I had a room with a private entrance.
I was a bachelor and lived alone.
My friends entered at every whim.

My comrades lived with aunts
and with wives resembling aunts,
with women, fat, too thin,
tired, bored, like rain.

Getting older every year,
birthing children, daughters, sons,
monuments to insufficiency,
statues of failed lives,
of long waiting lines.

My comrades loved their wives.

They asked me many times:

"Why don't you marry, you playboy?
what do you know of domestic bliss?

" My comrades didn't love their wives.
Girls with supple hands pleased them,
with eyes
in which, when you find yourself reflected,
You fall,
you fall,
like a rock.
However, I was careful.
I asked no stupid questions.
I simply provided the key to the lock.
They asked me -- I gave
.

Commentary on the Translation

Boris Slutsky (1919-1986) was one of the more silent poets of the Soviet Era. Unlike the Mandelstam/ Akhmatova/ Tsvetaeva generation which preceded his, Slutsky's generation saw the Soviet regime as a given. Slutsky made no attempt to publish verse that would criticize the regime. His most profound poetic work was written "for the drawer" and only published posthumously.

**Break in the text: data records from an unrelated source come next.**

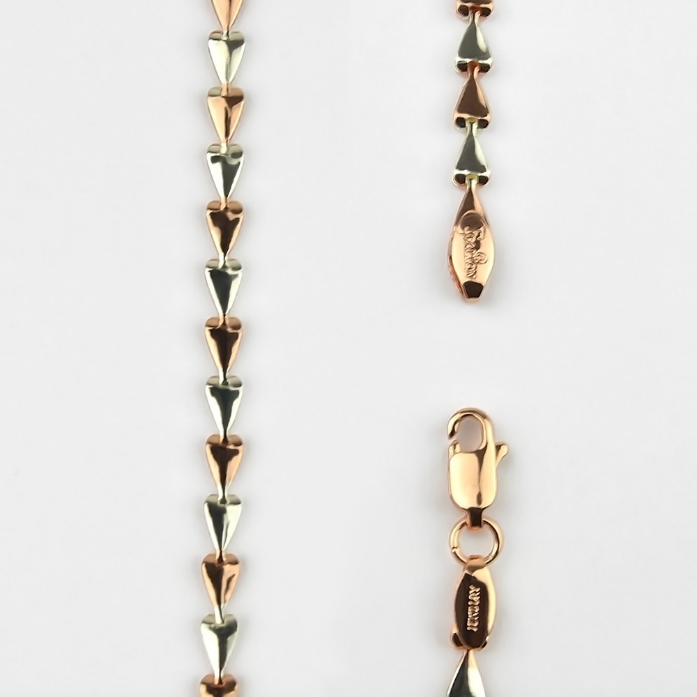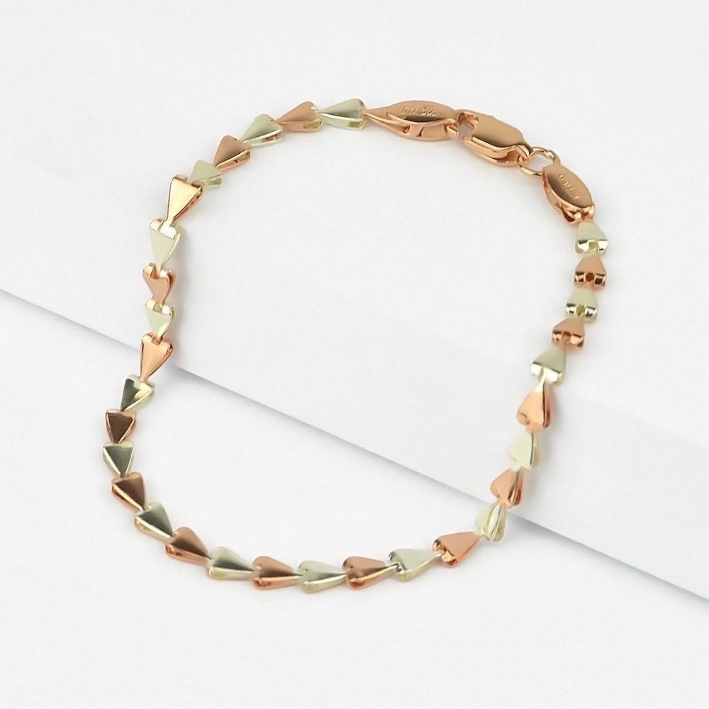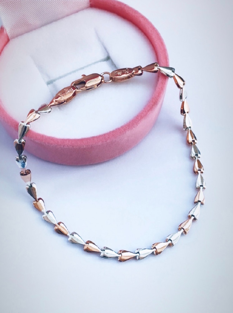 Нежный браслет, сочетающий в себе цвета платинового и золотого металла, состоит из множества небольших сердечек. Великолепная игра оттенков и фантазийная форма призваны добавить утончённой элегантности образу своей обладательницы. Этот браслет непременно будет гармоничным дополнением индивидуального стиля, а также сможет послужить отличным подарком для любительницы необычных украшений.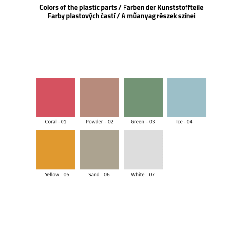 Ľahká plastová stolička, ktorá je vhodná do interiéru aj exteriéru. Stolička je stabilná, vyznačuje sa dlhou životnosťou a jednoduchou údržbou. Stoličky sú stohovateľné po 5 ks. Nosnosť stoličky je 120 kg. Výška sedáku od podlahy je 450 mm. Dostupné sú rôzne farebné odtiene, viď. obrázky produktu.
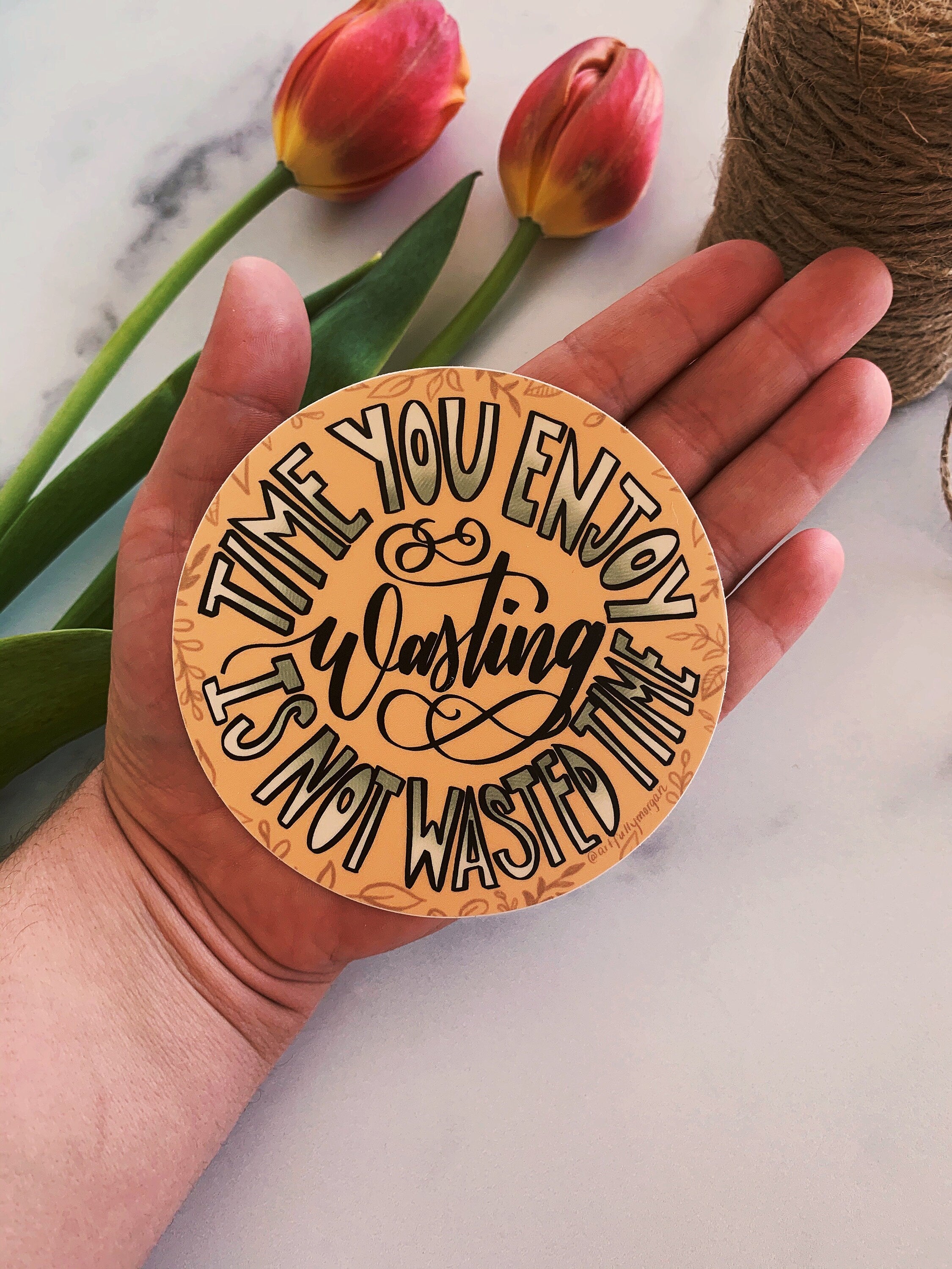 Time You Enjoy Wasting Sticker, Floral Sticker, Lettering Art Sticker

In "Key," he speaks of what people do to stave off mental disintegration. Slutsky speaks from the position of an outsider, merely complicit in acts of marital infidelity. The drabness of Soviet-style communal apartments, subsistence wages, workplace politics and 10-hour lines for food provides the context for this poem, which seeks to be about everything that Soviet life was not.

Slutsky draws attention to the difficulty of creating a meaningful personal relationship in such a draining political atmosphere as the Soviet Union in the 1970s. Instead of friends, he has "comrades." Instead of wives, there are aunts and women who are "statues of failed lives / of long waiting lines." The only space in which life can be lived on its own terms is in the narrator's dingy bedroom with "girls with supple hands."

The narrator is, as he says, cautious. He tells us from the start that he lives alone and never asks any questions of the "comrades" who demanded his keys from him. Yet, when the language of the poem enacts the very same disintegration of which the characters are terrified, he switches to the second person mode of narration: "You fall / you fall / like a rock." Though in context these lines refer to his "comrades'" obsession with "girls," they could just as easily apply to the terror he is keeping at bay by committing his thoughts to poetry.

"Key" teaches us that mental breakdown is fostered by an existence dead to emotion. The average Soviet citizen at that time, particularly the women, spent their lives waiting in lines. The older they got, the more they resembled rain. The men in this society have a release from the degradation of their personal lives. They find life outside their family, and allow themselves to fall for a few minutes into that void that gives their lives meaning.

Yet ultimately this poem argues that the men are no more satisfied than women. The men labor under the illusion that marriage is happiness as much as the women, who perhaps see no other way of living. The "comrades" ridicule the narrator for missing out on "domestic bliss." As a poet, however, Slutsky is better able to see where such "domestic bliss" leads: to little girls and failed lives.

Works Cited

Slutsky, Boris. "Klyuch," Sobranie Sochinenie. Y. Boldireva (ed.). Moskva: Khudozhestvennaya Literatura, 1991. Vol. 1 (158).